▶ _Problem_
With the pictures omitted, transcribe each line below exactly as it is.

▶ _Recorded information_
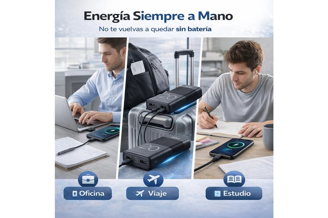Power Bank 20.000 mAh – Energía Real Cuando Más La Necesitás Quedarte sin batería ya no es una opción. Con 20.000 mAh reales, este power bank te acompaña todo el día, en el trabajo, viajes o situaciones imprevistas. Máxima Autonomía Hasta 4–6 cargas para smartphones promedio Ideal para jornadas largas fuera de casa Perfecto para viajes, oficina y uso diario Cargá Múltiples Dispositivos al Mismo Tiempo 2 Puertos USB (5V / 1A y 5V / 2.1A) 1 Puerto Tipo C (entrada y salida 5V / 2.1A) Compatible con smartphones, auriculares, smartwatches y más Tecnología Segura y Estable Batería de polímero de alta densidad Mayor estabilidad y seguridad frente a baterías tradicionales Rendimiento confiable y duradero Diseño Funcional y Resistente Tamaño compacto: 68 x 28 x 136,5 mm Peso: 375 g Construcción sólida para uso diario Ideal Para: Personas que usan intensivamente su celular Estudiantes y trabajadores móviles Viajeros frecuentes Quienes necesitan respaldo energético constante Especificaciones Técnicas Capacidad: 20.000 mAh Entrada Tipo C: 5V / 2.1A (Máx) Salida Tipo C: 5V / 2.1A (Máx) Salida USB 1: 5V / 1A Salida USB 2: 5V / 2.1A Invertí en autonomía real. No dependas más de enchufes ni te quedes incomunicado cuando más lo necesitás. Garantía del vendedor: 1 meses
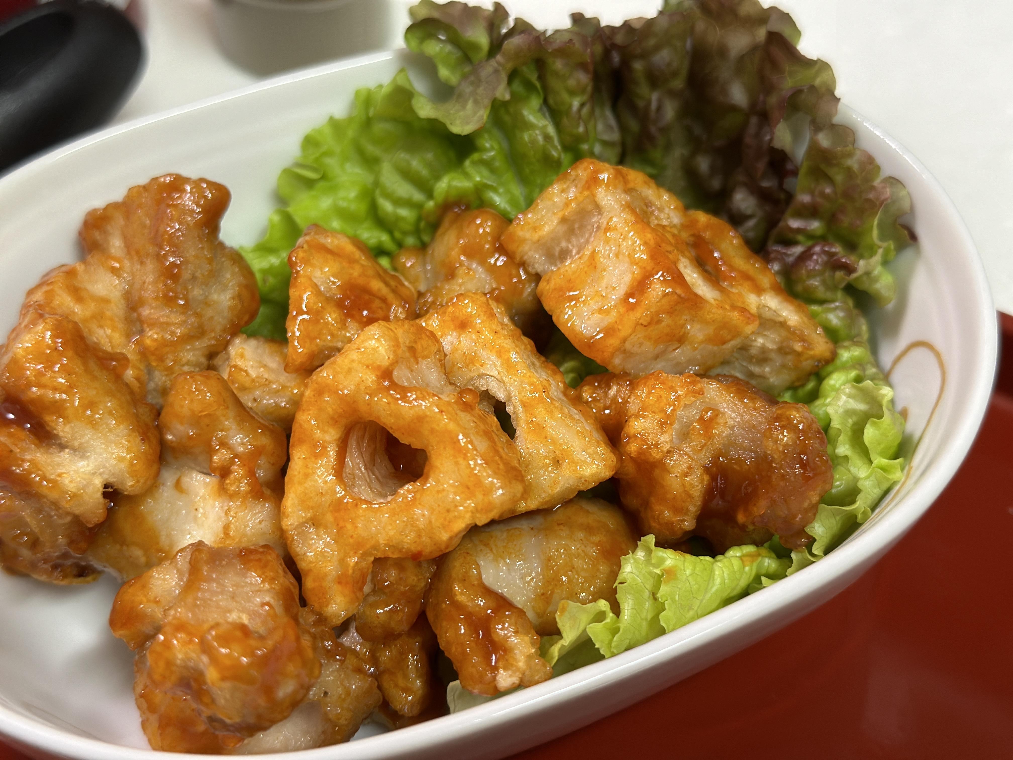 ④ Aの<甘酢醤油タレ>を鍋に入れ、弱火にかけ軽く煮立ったら火を止め、③の素揚げれんこんをタレにからめる。
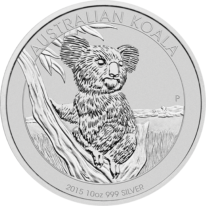 Beschreibung der 1 Unze Silbermünze Australien Koala 2011 Ein auf einem Eukalyptusbaumast stehender Koala ziert die Bildseite der Australien Koala 10 Unze Silbermünze 2015. Das P rechts seines Abbildes ist das Münzzeichen der Perth Mint. Auf der Wertseite ist ein Portrait der Queen Elizabeth II zu sehen. Feinheit und Größe der Serie Die Komplette Serie der Australien Koala Serie besteht aus Stückelungen der Größen 1/10 Unzen, ½ Unze, 1 Unze, 10 Unzen und 1 Kg. Alle Silbermünzen dieser Serie werden in 999/1000 Feinsilber geprägt.
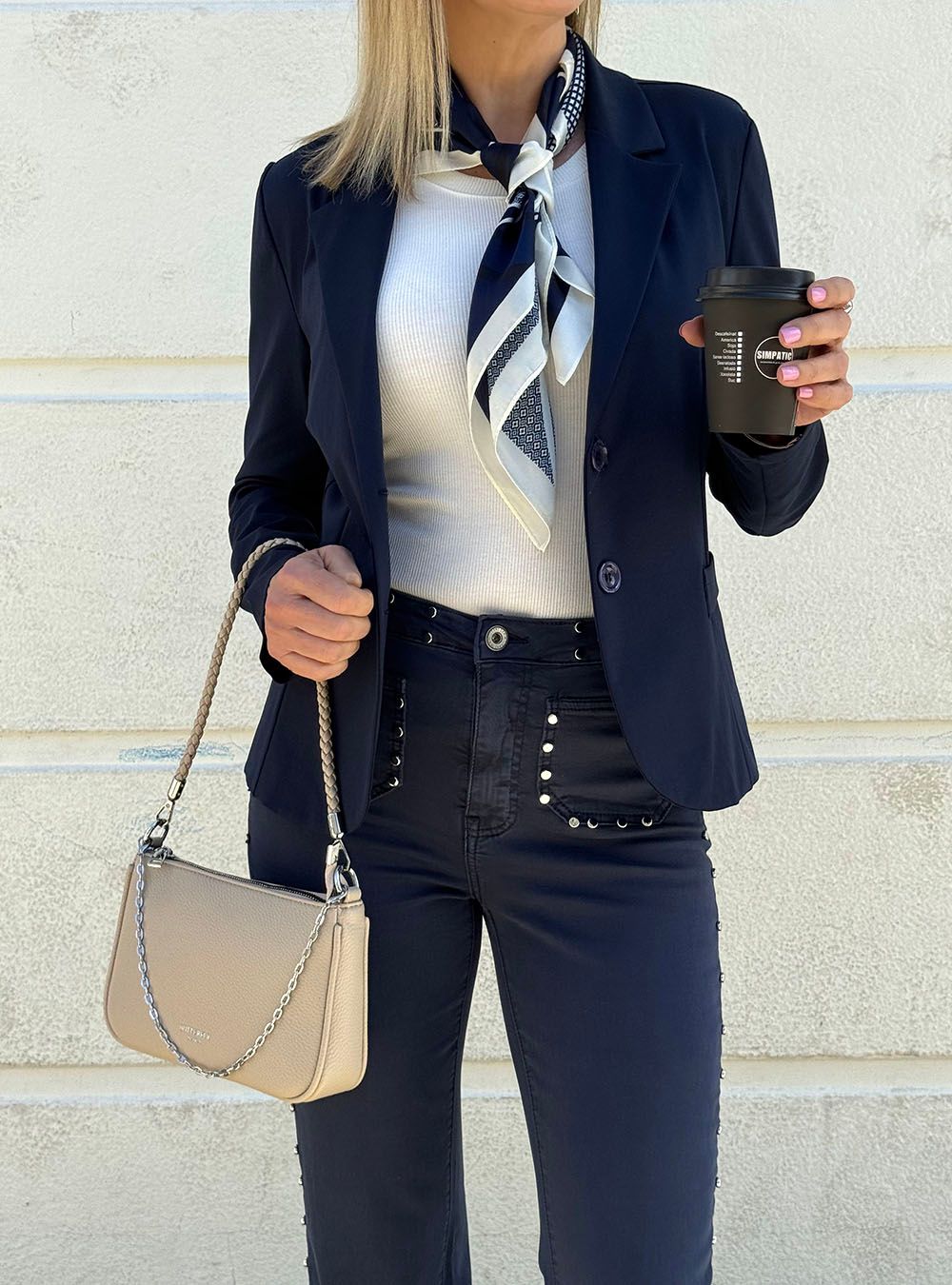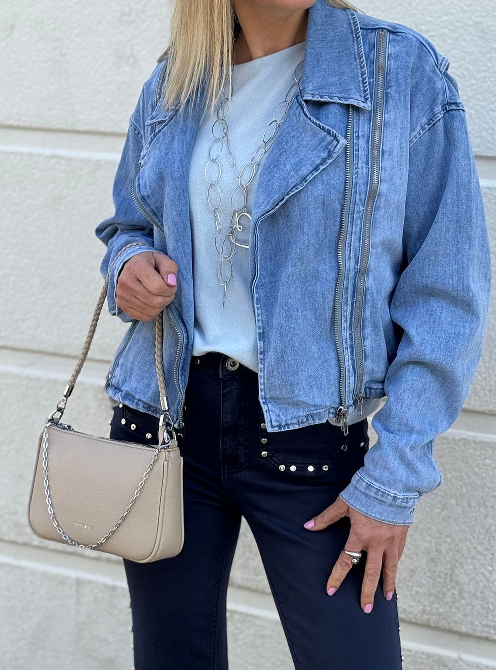 Bandolera confeccionada en polipeil texturada. Dos asas extraíbles: una trenzada del mismo material y otra de cadena metálica. Cierre superior y trasero con cremallera. Un bolso minimalista, sobrio y atemporal perfecto para tus outfits casual y sport chic.

▶ _Exercise output_
Power Bank 20.000 mAh – Energía Real Cuando Más La Necesitás Quedarte sin batería ya no es una opción. Con 20.000 mAh reales, este power bank te acompaña todo el día, en el trabajo, viajes o situaciones imprevistas. Máxima Autonomía Hasta 4–6 cargas para smartphones promedio Ideal para jornadas largas fuera de casa Perfecto para viajes, oficina y uso diario Cargá Múltiples Dispositivos al Mismo Tiempo 2 Puertos USB (5V / 1A y 5V / 2.1A) 1 Puerto Tipo C (entrada y salida 5V / 2.1A) Compatible con smartphones, auriculares, smartwatches y más Tecnología Segura y Estable Batería de polímero de alta densidad Mayor estabilidad y seguridad frente a baterías tradicionales Rendimiento confiable y duradero Diseño Funcional y Resistente Tamaño compacto: 68 x 28 x 136,5 mm Peso: 375 g Construcción sólida para uso diario Ideal Para: Personas que usan intensivamente su celular Estudiantes y trabajadores móviles Viajeros frecuentes Quienes necesitan respaldo energético constante Especificaciones Técnicas Capacidad: 20.000 mAh Entrada Tipo C: 5V / 2.1A (Máx) Salida Tipo C: 5V / 2.1A (Máx) Salida USB 1: 5V / 1A Salida USB 2: 5V / 2.1A Invertí en autonomía real. No dependas más de enchufes ni te quedes incomunicado cuando más lo necesitás. Garantía del vendedor: 1 meses
 ④ Aの<甘酢醤油タレ>を鍋に入れ、弱火にかけ軽く煮立ったら火を止め、③の素揚げれんこんをタレにからめる。
 Beschreibung der 1 Unze Silbermünze Australien Koala 2011 Ein auf einem Eukalyptusbaumast stehender Koala ziert die Bildseite der Australien Koala 10 Unze Silbermünze 2015. Das P rechts seines Abbildes ist das Münzzeichen der Perth Mint. Auf der Wertseite ist ein Portrait der Queen Elizabeth II zu sehen. Feinheit und Größe der Serie Die Komplette Serie der Australien Koala Serie besteht aus Stückelungen der Größen 1/10 Unzen, ½ Unze, 1 Unze, 10 Unzen und 1 Kg. Alle Silbermünzen dieser Serie werden in 999/1000 Feinsilber geprägt.
 Bandolera confeccionada en polipeil texturada. Dos asas extraíbles: una trenzada del mismo material y otra de cadena metálica. Cierre superior y trasero con cremallera. Un bolso minimalista, sobrio y atemporal perfecto para tus outfits casual y sport chic.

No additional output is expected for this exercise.